> [Instructions for the task] For the listing below, return the line containing "Dwuścienny termos próżniowy", the line containing "2013年,為電視劇《杜拉拉之似水年華》演唱主題曲及插曲", and all lines in between, exactly as written and nothing else.

> [Material supplied]
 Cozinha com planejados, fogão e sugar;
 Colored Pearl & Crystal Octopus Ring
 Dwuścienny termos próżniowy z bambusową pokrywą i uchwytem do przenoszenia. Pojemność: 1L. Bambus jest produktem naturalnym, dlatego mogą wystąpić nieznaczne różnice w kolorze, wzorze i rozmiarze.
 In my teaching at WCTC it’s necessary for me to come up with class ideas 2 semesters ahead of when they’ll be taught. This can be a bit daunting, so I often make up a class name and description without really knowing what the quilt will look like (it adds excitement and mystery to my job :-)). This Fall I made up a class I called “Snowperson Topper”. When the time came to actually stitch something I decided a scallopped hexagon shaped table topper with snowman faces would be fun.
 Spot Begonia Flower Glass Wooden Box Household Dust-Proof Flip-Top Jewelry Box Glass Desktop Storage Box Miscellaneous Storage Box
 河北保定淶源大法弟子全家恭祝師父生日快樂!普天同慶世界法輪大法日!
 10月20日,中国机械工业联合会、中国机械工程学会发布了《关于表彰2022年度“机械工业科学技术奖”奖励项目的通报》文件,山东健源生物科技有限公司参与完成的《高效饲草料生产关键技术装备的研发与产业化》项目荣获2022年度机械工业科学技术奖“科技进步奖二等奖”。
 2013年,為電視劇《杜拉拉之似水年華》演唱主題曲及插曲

==

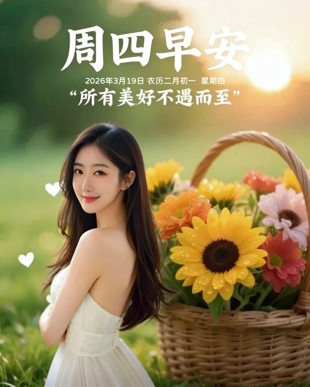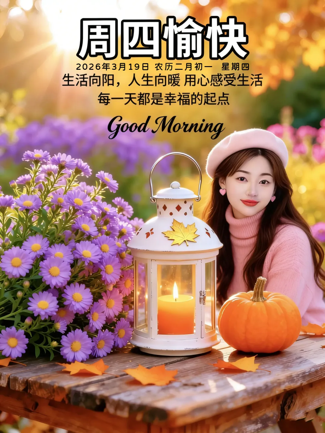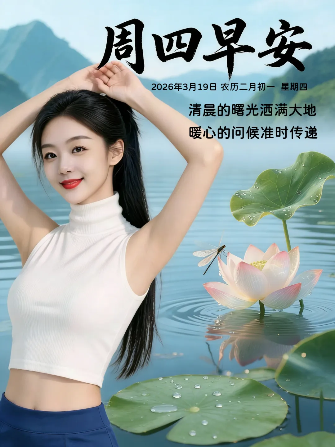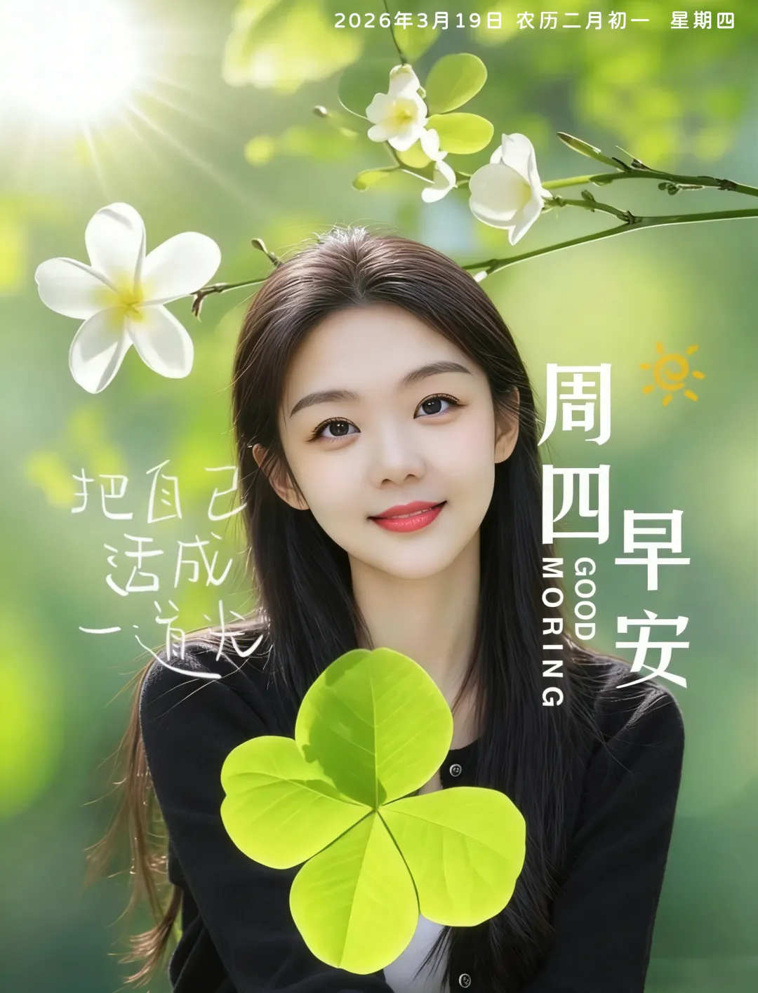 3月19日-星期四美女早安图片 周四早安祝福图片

> [Result of this task]
 Dwuścienny termos próżniowy z bambusową pokrywą i uchwytem do przenoszenia. Pojemność: 1L. Bambus jest produktem naturalnym, dlatego mogą wystąpić nieznaczne różnice w kolorze, wzorze i rozmiarze.
 In my teaching at WCTC it’s necessary for me to come up with class ideas 2 semesters ahead of when they’ll be taught. This can be a bit daunting, so I often make up a class name and description without really knowing what the quilt will look like (it adds excitement and mystery to my job :-)). This Fall I made up a class I called “Snowperson Topper”. When the time came to actually stitch something I decided a scallopped hexagon shaped table topper with snowman faces would be fun.
 Spot Begonia Flower Glass Wooden Box Household Dust-Proof Flip-Top Jewelry Box Glass Desktop Storage Box Miscellaneous Storage Box
 河北保定淶源大法弟子全家恭祝師父生日快樂!普天同慶世界法輪大法日!
 10月20日,中国机械工业联合会、中国机械工程学会发布了《关于表彰2022年度“机械工业科学技术奖”奖励项目的通报》文件,山东健源生物科技有限公司参与完成的《高效饲草料生产关键技术装备的研发与产业化》项目荣获2022年度机械工业科学技术奖“科技进步奖二等奖”。
 2013年,為電視劇《杜拉拉之似水年華》演唱主題曲及插曲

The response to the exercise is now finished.